While the overriding importance of thermal design is well understood by the experts who specialize in the field, its finer nuances still baffle most hardware development professionals. And the fact that most hardware engineers are introduced to thermal engineering shortly after being scorched by smoking components is only partly to blame. Thermal management is yet to become a ubiquitous requirement of a well-balanced electronics engineering curriculum, thus creating a need for other forms of education.
This article attempts to address the gap by providing an overview of key aspects of thermal management. In addition, critical factors in producing a robust hardware design from a thermal perspective are explained in order to enable the designers to do proper planning of their projects. More importantly, the relationship between cooling, reliability, and robust design factors are closely examined to hone a better intuitive sense for engineers of all backgrounds.
Today's hardware landscape
Very few things can be said about the state of leading-edge technologies of today that was true a decade ago, except maybe for one. To stay in the business of technology, in addition to walking on water, you have to keep packing more into less. By that, I mean you have to offer more ports within that same footprint, put that whole shelf in one pizza box, and squeeze a full cabinet's worth of hardware into a pair of slots.
But there are serious side effects to this practice, the least of which is deciding what to do about cooling. You may have heard the saying: "Once it smokes, strap a fan on!" But before you do, consider that the success of your product in the field will depend on the degree to which your approach contradicts that infamous adage. So, let's examine the situation in more detail.
This lasting drive to miniaturize is playing out at every level of the design. Devices have to deliver greater functionality within a higher density, lower profile package. Boards have to accommodate a larger number of components, and be subjected to finer spacing rules. Shelves have to house more boards that are slotted at a lower pitch. Frames have to pack it all within a smaller footprint. Let's face it; everything is getting squeezed. And it can't be all that cool!
From a thermal management perspective, there is a significant price to pay for this increase in functionality. To get some sense of the real story, take a look at the heat flux in your equipment. Only a few years ago, packing 10-30 (Kw/m2) into electronic equipment was unheard of. But we are talking about reaching levels twice that high in a couple of years. Device operating frequency and gate count are also increasing in a compounded fashion. And where these factors lead, the power dissipation follows. Pretty soon we will all be specifying a good number of 2.4 GHz, 160 W processors for our low speed board! But before we do, lets talk thermal.
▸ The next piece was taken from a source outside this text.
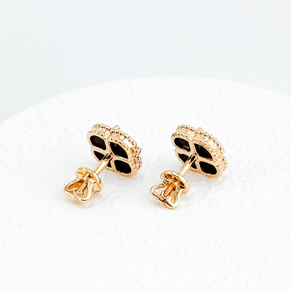 Золотые серьги-пусеты Клевер с ониксом.
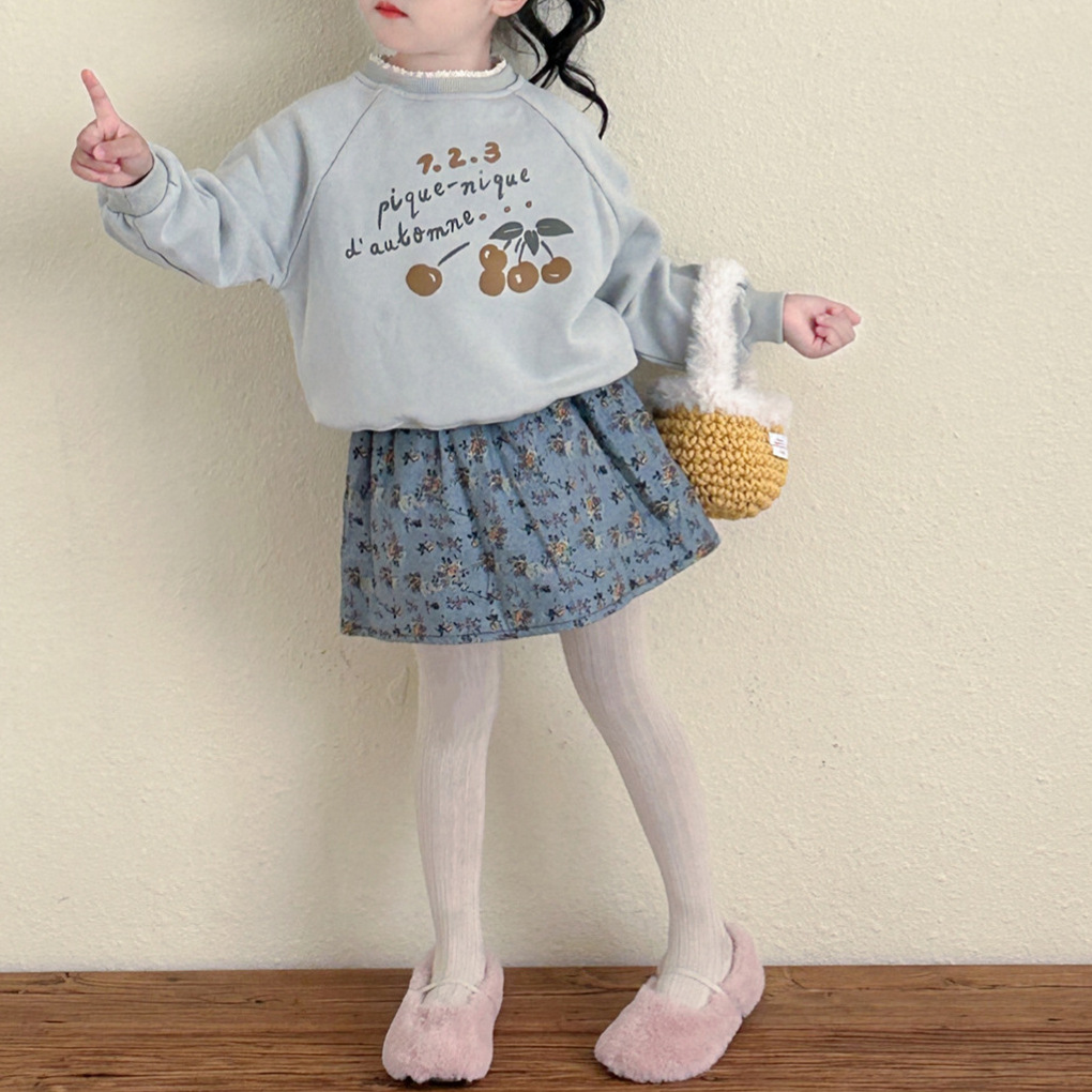 2024 가을과 겨울 어린이 의류 새로운 소녀 꽃 코튼 스커트 한국식 소녀의 올 매치 코튼 스커트

General factors in thermal management
When it comes to thermal management, the science is very straightforward and can easily become second nature to most designers. But the process of thermal design may not be as intuitive. Since we want to change that, let's examine a handful of key factors:
- Time-to-market considerations
- Equipment reliability objectives
- Equipment thermal environment and temperature limits
- Thermal design approach and methodology
- Methods of cooling & related constraints
Impact on time To market
In the good old technology boom days, we learned that "Time-To-Market" was the key to a new product's success. The question to ask is simply: "Who wants to be second to market, and who is willing to accept lower market share as the consequence?" Not us! So, it is best to avoid last minute problems -- such as the one that kept one of our customers from shipping $20M worth of product until we helped them resolve a simple thermal problem (Figure 1).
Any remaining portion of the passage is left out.